Judging from remembered events and the date we moved town, I guess it must have been some point when I was 8 or less when I properly realised how limited the knowledge of most adults was, including various authority figures, which I suppose is a relatively necessary step to questioning them, or privately wondering what the base their claims on.
Once started, that questioning does have some fairly serious positive feedback - even if you can't prove someone is wrong, if they're making grand claims and you can see a lack of good evidence, it does tend to make you doubt them pretty seriously, and then look more carefully at the next person making claims.
I can't remember believing in Santa as such, though that's not to say I disbelieved.
I suppose children are used to having stories told to them all the time that they don't necessarily believe are true, but which they don't violently disbelieve either.
Possibly it's just that they pick up from their parents some unspoken idea of which things are worth pretending to believe in, or develop a mental category for 'neither believe nor disbelieve' without having to explicitly think about it.
I suppose that even small kids are used to being told things by adults that are probably untrue but which are sometimes best left unchallenged, or seeing people telling white lies where it's obvious that it's generally better for the lie to be believed than challenged (if Dad hadn't gone to a party because he couldn't stand the person giving it, it's probably better all round if some other excuse given for non-attendance goes unchallenged).

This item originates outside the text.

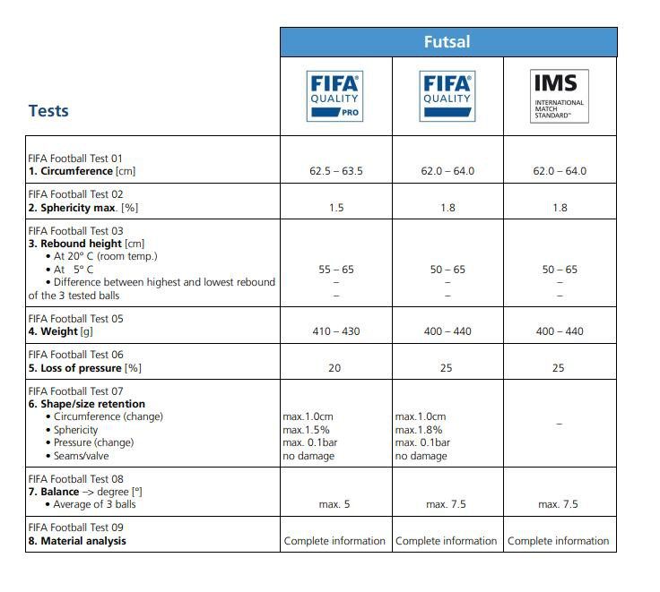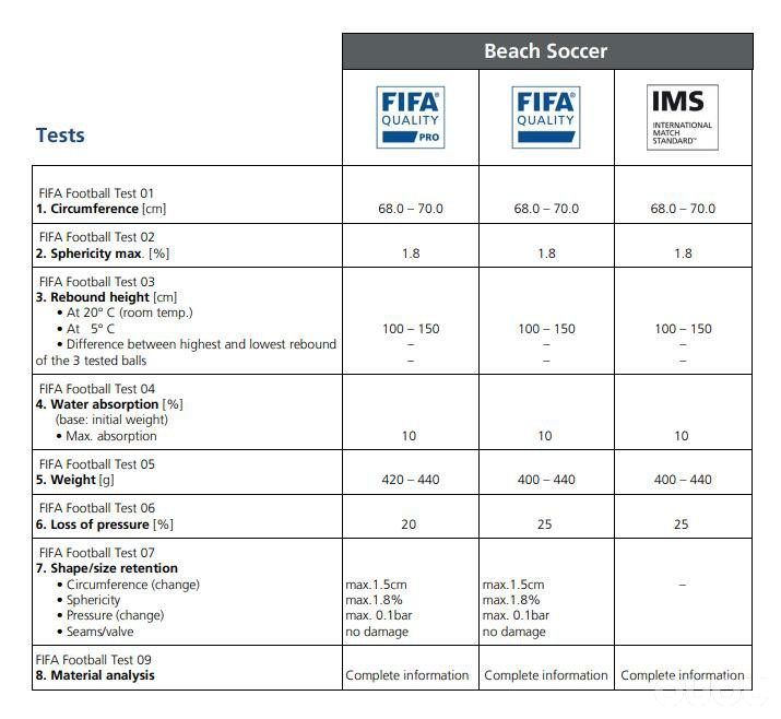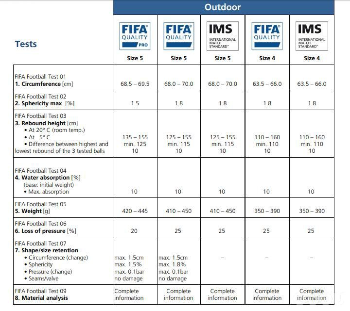这种测试项目的数据全部反映在上面的图中,大家可以在里面找到对应的答案,不一个个去说了。目前FIFA认证的足球只包括了5号和4号球,其余的球不包括在内。更详细的一些测试内容和里面具体对数值的要求感兴趣的可以到FIFA官网看,不过是英文生肉,不过大概意思能看懂。https://football-technology.fifa.com/media/1024/footballs_testing_manual_2015.pdf

Certainly, the night when I saw my father carrying Christmas presents into my bedroom (again, I must have been 8 or less due to the location), I don't think I'd already decided Santa Claus it was definitely just a story, but I wasn't disappointed, or surprised by anything other than having caught someone in the act of present-giving.
I suppose that in practical terms, my belief or lack of it didn't make any real difference, so there hadn't been any need to make a decision one way or another.